Sa plaquette de présentation 2008 mentionne : "Le dernier trimestre 2008 a été marqué par les conséquences sur le marché de l'art de la violente crise internationale qui a particulièrement touché l'art moderne et contemporain qui sont depuis sa création au cœur de la croissance d'Artcurial Briest Poulain F. Tajan. Malgré ce fléchissement, la maison de vente parvient à limiter les effets de la crise grâce au développement de départements moins sensibles à la conjoncture". Celle de 2009 indique : "La première maison française maintient sa place pour la sixième année consécutive dans le trio de tête des maisons de vente aux enchères et parvient à limiter la baisse généralement constatée sur le marché. Néanmoins, comme le constatent Francis Briest et François Tajan, co-présidents de la maison de vente, "le marché de l'art tire son épingle du jeu par rapport aux autres valeurs patrimoniales telles que l'immobilier ou la finance". Ce retour à un exercice "normal" après quelques années d'euphorie, consacre la collection comme principal vecteur de séduction et de conviction auprès d'acheteurs de plus en plus sélectifs".

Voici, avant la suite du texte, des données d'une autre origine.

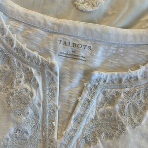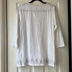 Talbots white embroidered beaded 3/4 sleeve tunic 100% cotton medium
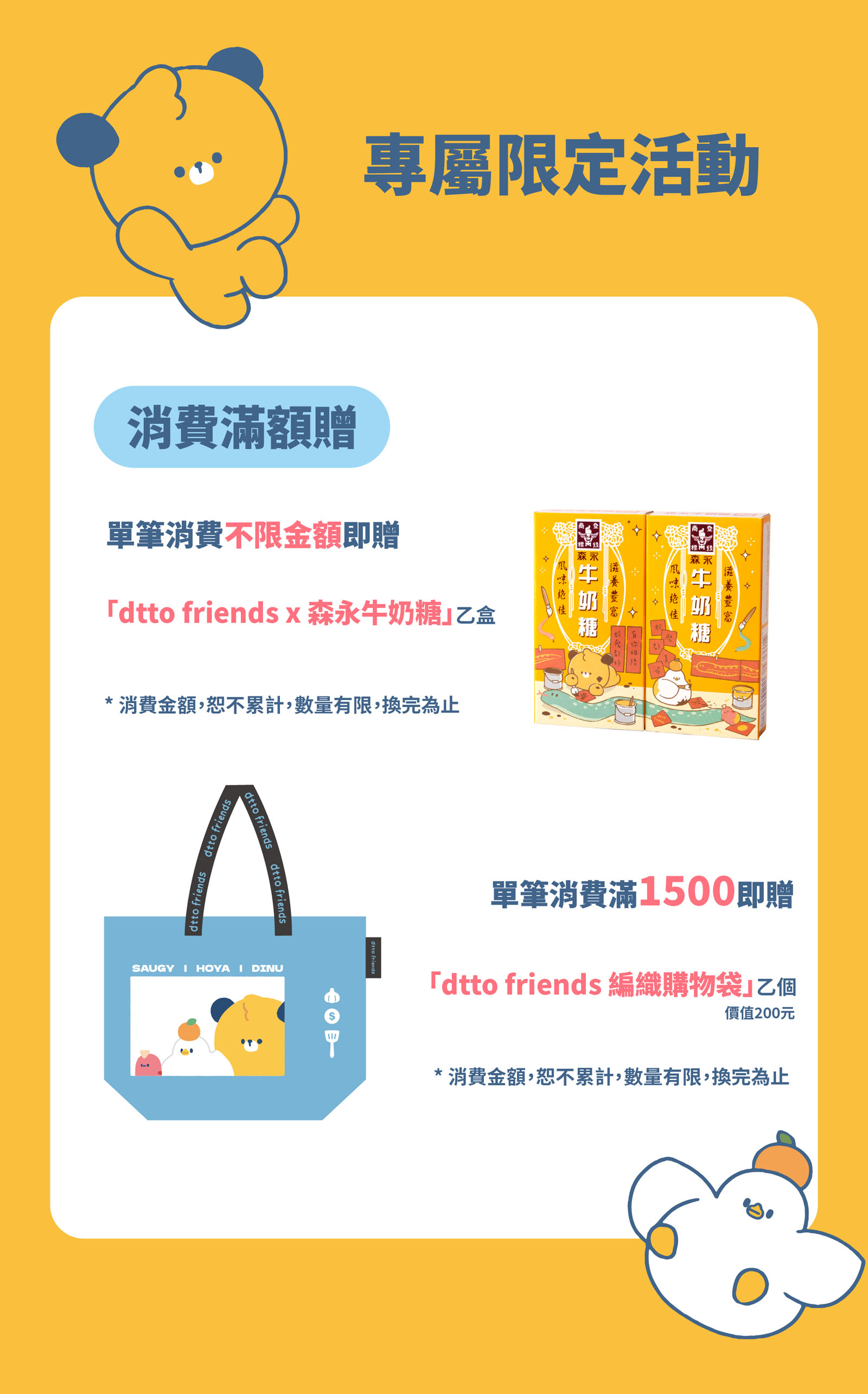 單筆消費不限金額即贈 「dtto friends x 森永牛奶糖」乙盒
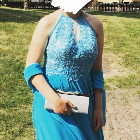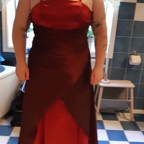 Grön balklänning inköpt inför student för ett antal år sedan. Klänningen är fodrad. För storlek, se bild.
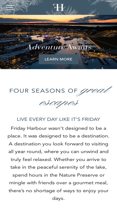 84%We are an organization dedicated to personalized service and attention to detail. We are a community committed to enriching lives. We are a family devoted to creating memories. We are an organization, a community, a family…we are Friday Harbour. Come and be a part of the vision and be a part of making the dream come true. Permanent and seasonal opportunities available.
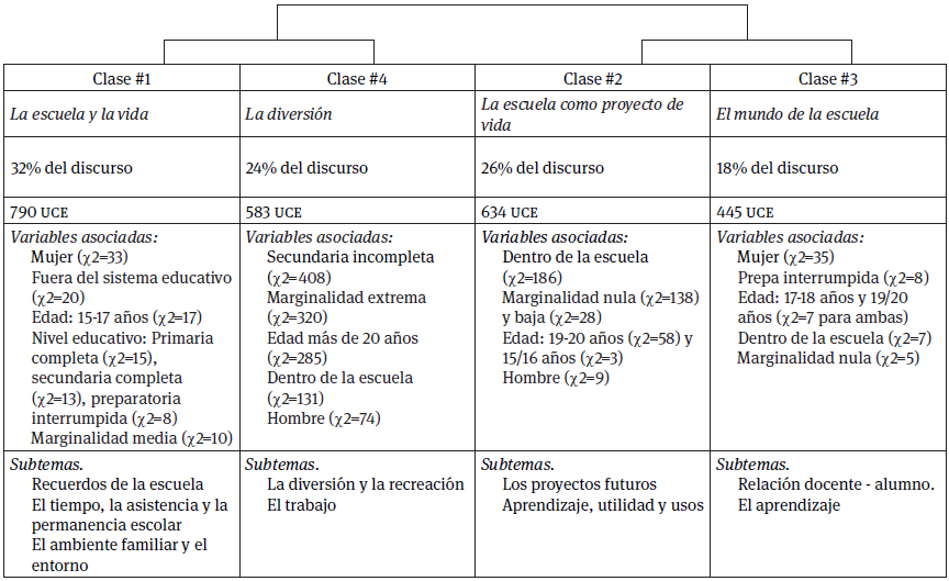 Clase 1: La vida y la escuela. Muestra ser la clase más grande en cantidad de palabras asociadas y de frases significativas, lo que a su vez ha redundado en la generación de subtemas en su interior. Es un discurso más asociado a mujeres y a jóvenes entre 15 a 17 años. También está vinculada a aquellos que en la actualidad están fuera del sistema educativo, cuyo nivel educativo varía desde la primaria completa hasta la preparatoria interrumpida y poseen una marginalidad media.

Enfin, le rapport du collège de présidence à l'assemblée générale extraordinaire du 25 juin 2009 de la société Artcurial Briest Poulain Tajan SAS est éloquent quant aux causes des difficultés rencontrées en 2008 par la société, qui n'ont aucun rapport avec M. Le Fur : "Le marché de l'art et en particulier les départements liés aux œuvres d'art du 20ème siècle a été particulièrement touché par la conjoncture internationale. La société a subi au deuxième semestre 2008 une baisse importante de son activité. Cette contre-performance, spécialement durant les ventes de fin octobre 2008, a provoqué une baisse significative du résultat d'exploitation, les charges n'ayant pu être ajustées dans les mêmes délais".

Il résulte de l'ensemble de ces éléments que la société Artcurial ne démontre pas l'existence d'un préjudice résultant pour elle de la réinstallation de M. Le Fur à proximité pour exercer la même activité et ne rapporte donc pas la preuve de l'éviction dont elle se prévaut.

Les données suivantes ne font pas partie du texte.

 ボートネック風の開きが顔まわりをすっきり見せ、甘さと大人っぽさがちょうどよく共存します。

En conclusion, il y a lieu d'infirmer le jugement dont appel sauf en ce que le tribunal s'est déclaré compétent et en ce qu'il a débouté la société Artcurial de sa demande au titre de la garantie d'éviction, et statuant à nouveau, de dire que l'engagement de non concurrence du 15 mai 2002 est nul et de nul effet, du moins en ce qui concerne sa seconde partie, à compter du 15 mai 2007, c'est à dire pour la période postérieure à la cessation de la collaboration de M. Le Fur et de débouter la société Artcurial de l'ensemble de ses demandes.

L'équité commande d'allouer à M. Le Fur et à la société Auctionart-Remy Le Fur & Associés, chacun une indemnité de 10 000 euro au titre de l'article 700 du Code de procédure civile.

Par ces motifs : Et, adoptant ceux non contraires des premiers juges, LA COUR, statuant publiquement, contradictoirement et en dernier ressort, Infirme le jugement déféré, sauf en ce qu'il s'est déclaré compétent et en ce qu'il a débouté la société Artcurial de sa demande au titre de la garantie d'éviction, Statuant à nouveau, Dit que l'engagement de non concurrence du 15 mai 2002 est nul et de nul effet, du moins en ce qui concerne sa seconde partie, à compter du 15 mai 2007, c'est à dire pour la période postérieure à la cessation de la collaboration de M. Rémy Le Fur, Deboute la société Artcurial de l'ensemble de ses demandes, Condamne la société Artcurial à payer à M. Rémy Le Fur et à la société Auctionart-Remy Le Fur & Associés, chacun, la somme de 10 000 euro au titre de l'article 700 du Code de procédure civile, Condamne la société Artcurial aux dépens de première instance et d'appel, qui seront recouvrés conformément aux dispositions de l'article 699 du Code de procédure civile.